Data provided =>
■ ■ ■ ■ ■

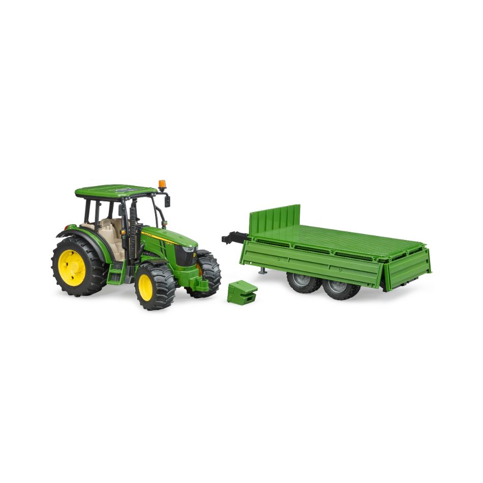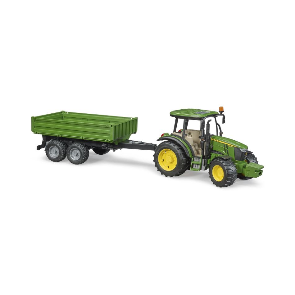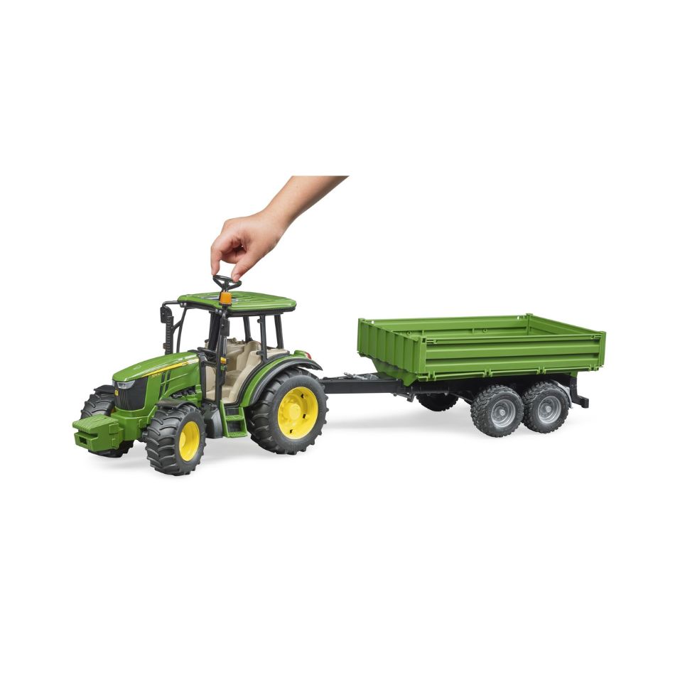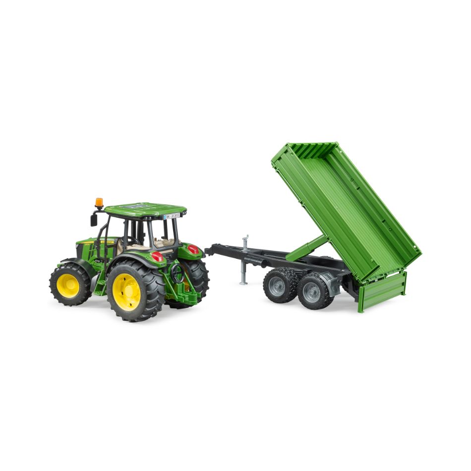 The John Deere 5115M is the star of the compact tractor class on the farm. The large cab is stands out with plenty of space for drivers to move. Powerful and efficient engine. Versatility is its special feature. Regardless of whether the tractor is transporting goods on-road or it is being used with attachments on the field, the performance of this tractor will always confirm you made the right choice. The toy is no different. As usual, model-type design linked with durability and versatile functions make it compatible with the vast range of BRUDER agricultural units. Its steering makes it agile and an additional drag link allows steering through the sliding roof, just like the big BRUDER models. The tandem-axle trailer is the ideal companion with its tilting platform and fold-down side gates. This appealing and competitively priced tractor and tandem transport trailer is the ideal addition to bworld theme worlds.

■ ■ ■ ■ ■

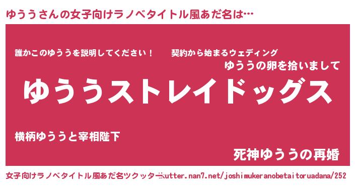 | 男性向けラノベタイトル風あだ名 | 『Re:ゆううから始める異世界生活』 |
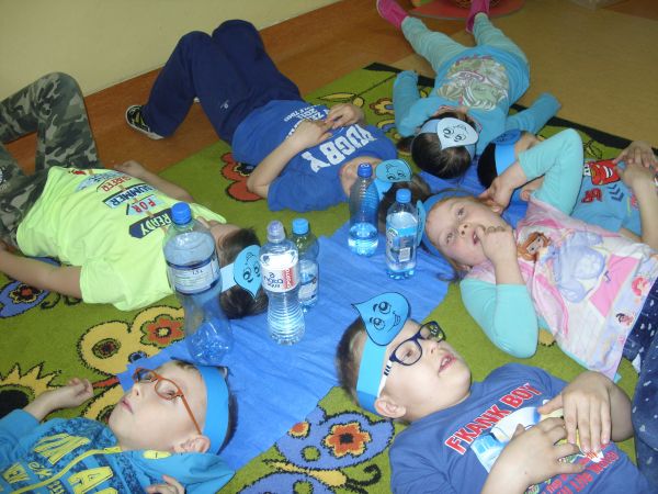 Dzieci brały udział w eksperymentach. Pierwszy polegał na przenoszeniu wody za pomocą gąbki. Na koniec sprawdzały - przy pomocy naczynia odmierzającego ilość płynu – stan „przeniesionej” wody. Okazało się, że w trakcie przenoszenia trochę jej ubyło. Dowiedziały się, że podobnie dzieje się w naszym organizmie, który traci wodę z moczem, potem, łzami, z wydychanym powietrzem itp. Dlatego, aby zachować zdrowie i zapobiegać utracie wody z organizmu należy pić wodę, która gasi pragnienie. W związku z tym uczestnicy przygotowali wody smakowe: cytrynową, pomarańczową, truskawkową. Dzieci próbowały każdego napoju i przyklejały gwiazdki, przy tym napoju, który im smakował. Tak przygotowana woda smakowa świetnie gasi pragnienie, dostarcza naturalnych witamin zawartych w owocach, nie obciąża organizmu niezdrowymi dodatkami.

■ ■ ■ ■ ■

What is expected => Give again, exactly as written above, each line from the one that has "男性向けラノベタイトル風あだ名 | 『Re:ゆううから始める異世界生活』 |" to the one that has "Dzieci brały udział", both included; omit the pictures.

Expected output =>
 | 男性向けラノベタイトル風あだ名 | 『Re:ゆううから始める異世界生活』 |
 Dzieci brały udział w eksperymentach. Pierwszy polegał na przenoszeniu wody za pomocą gąbki. Na koniec sprawdzały - przy pomocy naczynia odmierzającego ilość płynu – stan „przeniesionej” wody. Okazało się, że w trakcie przenoszenia trochę jej ubyło. Dowiedziały się, że podobnie dzieje się w naszym organizmie, który traci wodę z moczem, potem, łzami, z wydychanym powietrzem itp. Dlatego, aby zachować zdrowie i zapobiegać utracie wody z organizmu należy pić wodę, która gasi pragnienie. W związku z tym uczestnicy przygotowali wody smakowe: cytrynową, pomarańczową, truskawkową. Dzieci próbowały każdego napoju i przyklejały gwiazdki, przy tym napoju, który im smakował. Tak przygotowana woda smakowa świetnie gasi pragnienie, dostarcza naturalnych witamin zawartych w owocach, nie obciąża organizmu niezdrowymi dodatkami.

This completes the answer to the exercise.